Brief – Below are some records. Return exactly their lines from the one containing "Zuhaitz Eguna egin" through the one containing "Complete the following", and drop the pictures.

Information shown –
--- START ---

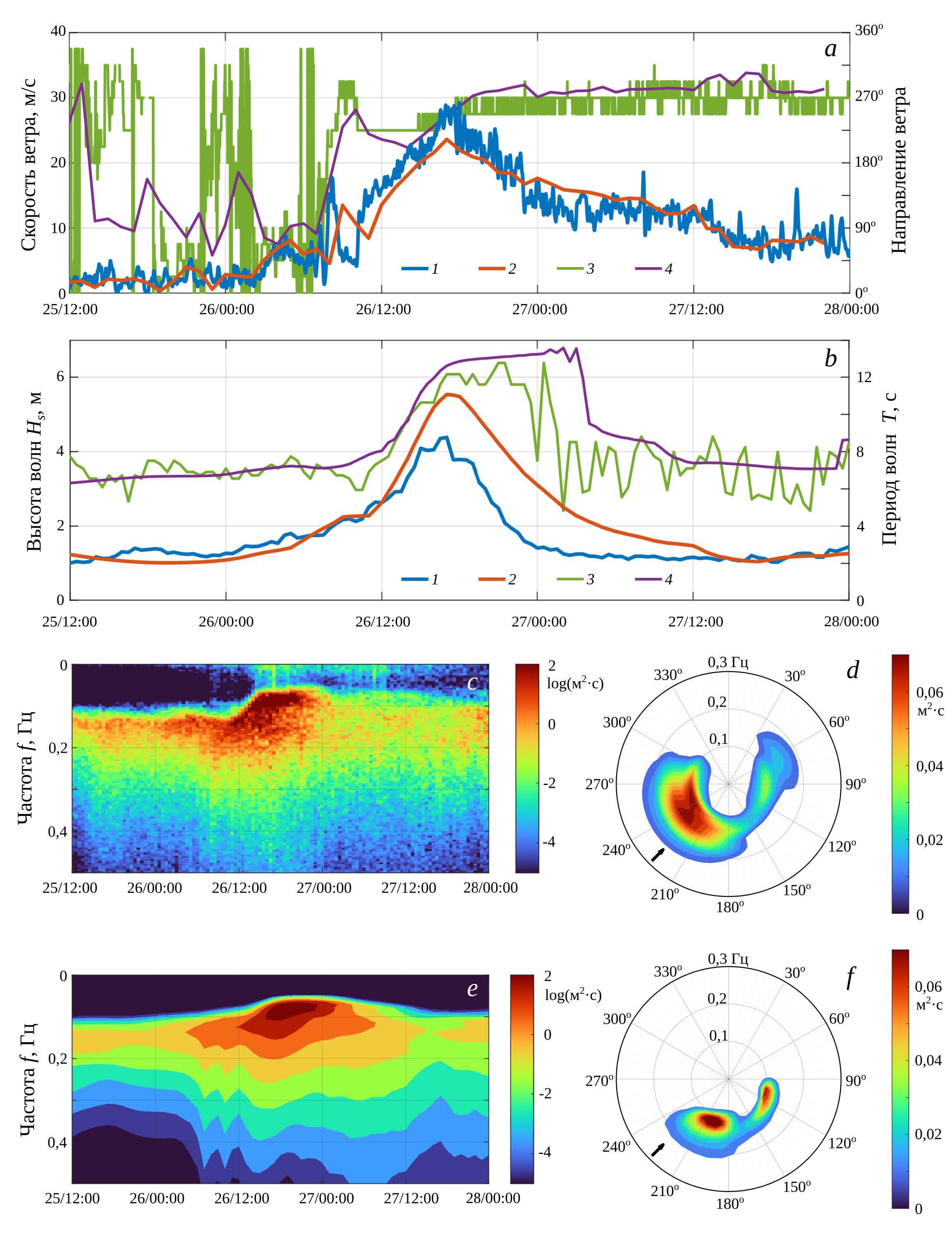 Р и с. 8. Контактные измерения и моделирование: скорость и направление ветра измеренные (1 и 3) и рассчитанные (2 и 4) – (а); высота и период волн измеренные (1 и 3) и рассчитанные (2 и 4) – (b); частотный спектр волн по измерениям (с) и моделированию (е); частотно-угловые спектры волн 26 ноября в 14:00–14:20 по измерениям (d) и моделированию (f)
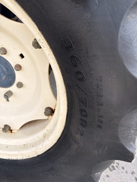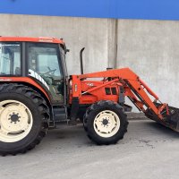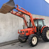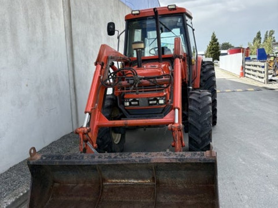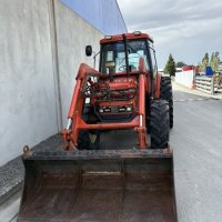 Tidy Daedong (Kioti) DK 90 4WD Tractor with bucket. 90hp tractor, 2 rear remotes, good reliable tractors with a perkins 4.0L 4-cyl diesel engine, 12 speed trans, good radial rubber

--- END ---
--- START ---

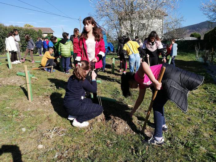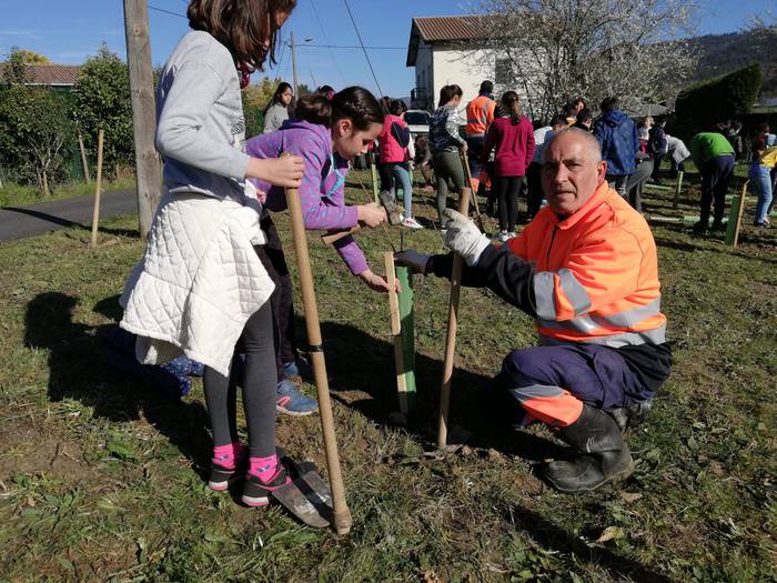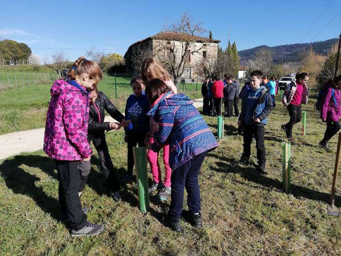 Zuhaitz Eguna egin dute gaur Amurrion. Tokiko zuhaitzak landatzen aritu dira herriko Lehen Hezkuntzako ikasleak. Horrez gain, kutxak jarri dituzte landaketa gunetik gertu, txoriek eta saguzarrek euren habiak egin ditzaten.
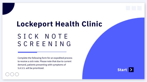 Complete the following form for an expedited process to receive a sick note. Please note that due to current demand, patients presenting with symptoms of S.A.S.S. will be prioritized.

--- END ---
--- START ---

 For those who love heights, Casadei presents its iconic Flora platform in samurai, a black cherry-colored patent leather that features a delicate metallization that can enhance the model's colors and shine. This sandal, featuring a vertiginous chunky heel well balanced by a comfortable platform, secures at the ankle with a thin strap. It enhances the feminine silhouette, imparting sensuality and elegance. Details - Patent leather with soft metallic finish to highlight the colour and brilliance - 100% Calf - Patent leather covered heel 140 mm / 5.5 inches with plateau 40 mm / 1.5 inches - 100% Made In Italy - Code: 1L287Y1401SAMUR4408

--- END ---

Response –
 Zuhaitz Eguna egin dute gaur Amurrion. Tokiko zuhaitzak landatzen aritu dira herriko Lehen Hezkuntzako ikasleak. Horrez gain, kutxak jarri dituzte landaketa gunetik gertu, txoriek eta saguzarrek euren habiak egin ditzaten.
 Complete the following form for an expedited process to receive a sick note. Please note that due to current demand, patients presenting with symptoms of S.A.S.S. will be prioritized.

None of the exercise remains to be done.